Alternatively, specific resources website is the most money of picture reprinting each homology picture cluster in multiple homology picture clusters Source Site.
Alternatively, the picture of each homology picture cluster corresponding same source picture, and the picture of each homology picture cluster and its Corresponding source picture has one or more identical characteristics of image.
Alternatively, methods described further includes:Extract the format character of the picture comprising in described homology picture cluster And/or the chain feature of picture, according to the plurality of homology picture cluster, the corresponding number of reprinting relatively, and the figure that correspondence comprises The format character training screening washer model of piece;According to the screening washer model after training, relatively reprint number and target based on described The format character of the picture comprising in picture cluster and/or the chain feature of picture, to identify the image content in Target Photo cluster Attribute.
Alternatively, including but not limited to one or more of following combination of the format character of described picture:The length of picture/ Width, the size of picture, the definition of picture.

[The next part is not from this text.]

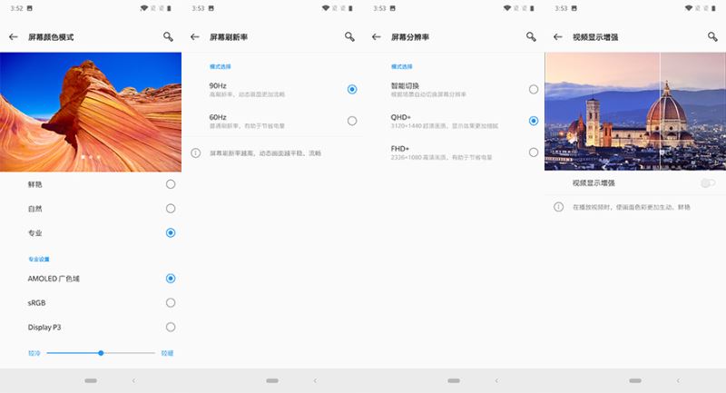 看完关于一加手机7 Pro的90Hz刷新率屏幕与一加手机6T的60Hz刷新率屏幕有在流畅度上有什么区别后,现在我们来看看前者的硬件性能。一加手机7 Pro在显示设置上提供率比较丰富的选项,除了屏幕颜色模式外,还提供有屏幕刷新率、屏幕分辨率的设置项目,甚至还给出了视频显示增强功能的开关,玩家可以根据自己的需要来进行选择。

Alternatively, including but not limited to one or more of following combination of the chain feature of described picture:Image link Whether stand together with webpage, whether picture redirected link stands outer.According to another aspect of the present invention, there is provided a kind of image content Attribute identification system, it includes:Relatively reprint number computing module, for calculating multiple homology picture clusters for specific resources website Relative reprinting number;Training module, for instructing multiple homology picture clusters and corresponding relatively reprinting in number input screening washer Practice screening washer model;Screening washer, the screening washer model after being suitable to be trained according to training module, and according to model to target figure Piece cluster is screened;Identification module, the figure for being screened to Target Photo cluster according to screening washer, in identification Target Photo cluster Piece contents attribute.
Alternatively, relatively reprint number computing module for one of multiple homology picture clusters homology picture cluster, by homology Reprinting number on specific resources website for the picture in picture cluster, compared with the reprinting number on multiple resource websites, obtains Homology picture cluster includes specific resources website for the relative reprinting number of specific resources website, multiple resource websites.
Alternatively, also include:First average reprints number computing module, for calculating the of picture on specific resources website One average reprinting number;Second average reprint number computing module, second for calculating picture on multiple resource websites averagely turns Carry number;Relatively reprinting number computing module takes reprinting number on specific resources website for the picture in homology picture cluster average with first Reprint the first difference of number, and take reprinting number on multiple resource websites for the picture in homology picture cluster averagely to turn with second Carry the second difference of number, the first difference is obtained homology picture cluster with the second difference contrast the relative of specific resources website is turned Carry number.
Alternatively, first average reprint number computing module and take be located at specific resources website in the picture of multiple homology picture clusters On multiple pictures, the quantity of corresponding with multiple pictures for the quantity of multiple pictures homology picture cluster is contrasted, is obtained One average reprinting number.
Alternatively, second average reprint number computing module by the quantity of the picture of multiple homology picture clusters, with multiple homologies The quantity of picture cluster is compared, and obtains the second average reprinting number.
Alternatively, also include:Image link handling module, for capturing the image link occurring on multiple resource websites; Image link detection module, for detect image link corresponding with the picture of homology picture cluster link whether identical, and/or inspection Whether the check information surveying the corresponding picture of image link is identical with the check information of the picture of homology picture cluster, and/or detection The corresponding picture of image link whether there is one or more identical characteristics of image with the picture of homology picture cluster;Picture is reprinted Number statistical modules, for according to testing result, determining that whether image link is the reprinting of the picture of homology picture cluster, and count with The reprinting number of the picture of source picture cluster.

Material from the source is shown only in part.